Pollock wants to see all forms of stimulation developed, not only for what it means to him, but for others with SCI. That is why he has formed the Mark Pollock Trust, which not only encourages SCI research but global collaboration. He and Simone are also directors on the Reeve Foundation board and have links with other SCI organizations in Europe. “We want to see this research enter health care systems and get to paralyzed people. That’s why I want to continue collaborating with UCLA and NeuroRecovery Technologies [see below], not only in America but also in Ireland. With the baseline data we have, it makes sense to me that if something starts to work, then you approach it like a training program. To build what we started in Los Angeles over a longer timeframe and include more people to see what the cumulative effect might be. The end goal is to move useful therapy from the laboratory to the people rapidly.”
On February 19, a consortium organized by the National Institute of Biomedical Imaging and Bioengineering, the newest NIH institute, held its second meeting with the goal of doing just that — fast tracking the research to move it to the public domain. According to Edgerton: “NIBIB is putting a high priority on trying to figure out the best ways to move the present technology to the SCI population as effectively and quickly as possible.” While the consortium’s main goal is to translate the latest research results into practical use, they are also proposing to organize specific trials on the use of epidural stimulation to improve bladder function.

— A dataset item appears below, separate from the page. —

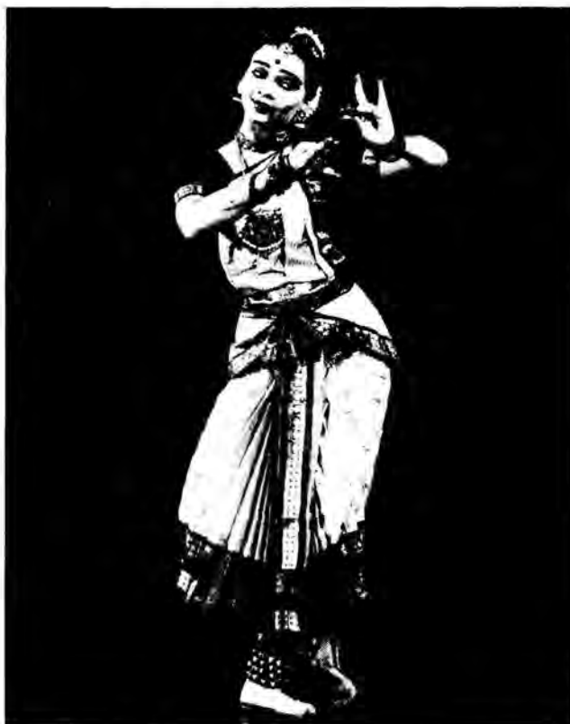
Malavika Sarukkai : Festival of India, Japan.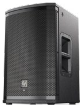
10 ETX-10P 10" TWO-WAY POWERED LOUDSPEAKER

Edgerton says they hope the epistim/bladder trial will serve as a way of not only addressing another important quality of life concern for people with SCI, but also function as a test of the consortium as a model of future effectiveness and collaboration.
From Technology to Product
The medical device adapted for use in the Louisville epidural stimulation trials was an off-the-shelf implantable stimulator made by Medtronics for pain control. Now the race is on to bring an improved next-generation epidural stimulator, as well as a transcutaneous stimulator, to market. Nick Terrafranca, CEO of NeuroRecovery Technologies, says the need for more highly programmable electrical stimulation devices was the catalyst for the startup of the new company, whose scientific team, led by UCLA’s Reggie Edgerton, includes Yuri Gerisimenko, Roland Roy, Parag Gad and Wentai Liu, also of UCLA. Rounding out the team are Joel Burdick and Y.C. Tai of California Institute of Technology. The company hopes to have improved stimulation devices ready for widespread use within two to five years.